GUY 1: Why can’t we skip rope without society judging us?
GUY 2: What if we occasionally beat the crap out of each other?
Boxing is born.
Her + Gravity = 2001: A Space Odyssey
Star Wars is just like regular wars except you fall in love with your sister and your dad chops your arm off.
cost of the ice cream my kid threw a tantrum in the grocery store to get: $5
the look on his face when I ate it for dinner: priceless
Oh sure, when my cat brings you a dead animal it’s because she’s giving you a present, but when I do it, I’m a “psychopath.”
So, if he gets divorced for the third time…
Does Melania get to keep the White House?
i hate i t when girls think im proposing whenever i take the knee at them in protest
boss: can we talk?
me: sure
boss: people are afraid of you because you’re obsessed with the devil
me: okay, first of all his name is lucifer
richard dawkins got owned again. when will this man learn
Cop: So, I’m writing a ticket for driving alone in the car pool lane.

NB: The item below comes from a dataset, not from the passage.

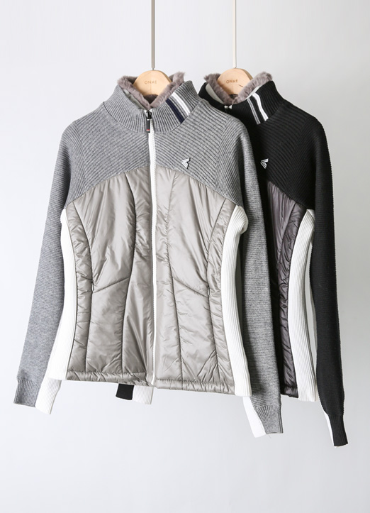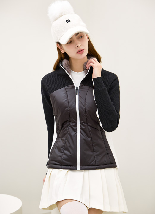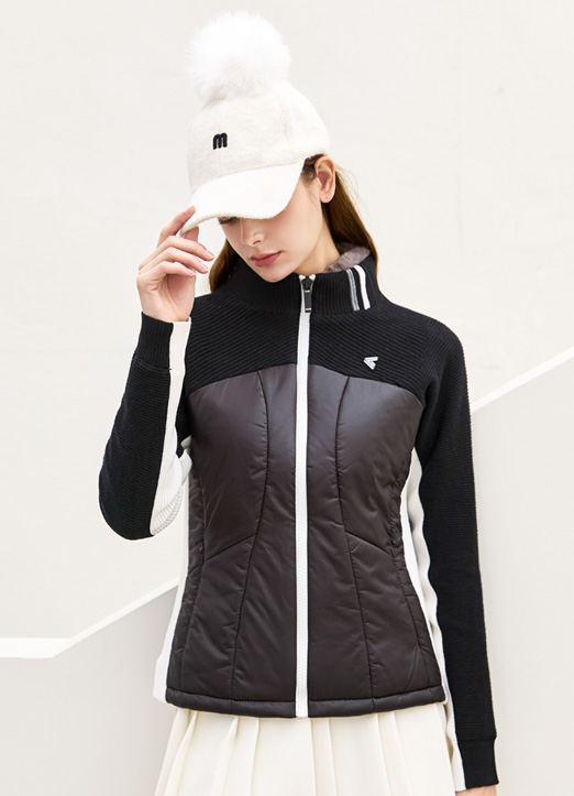 [QoG] Mixed Media Padded Slim Zip-Up Jacket

Me: You’re going to feel really stupid when you look in my trunk.
[cool person follows me]
me: ok I gotta bring my A game now it’s only good tweets from here
me 5 mins later: horses r just big dogs ?
are there any atheist mantises?
Ate my wife’s chocolates & said they were coffee flavored because she doesn’t like those but guess what guys they weren’t coffee flavored.
My kids got to meet a fireman at dinner last night. How and why they got to meet a fireman is not important.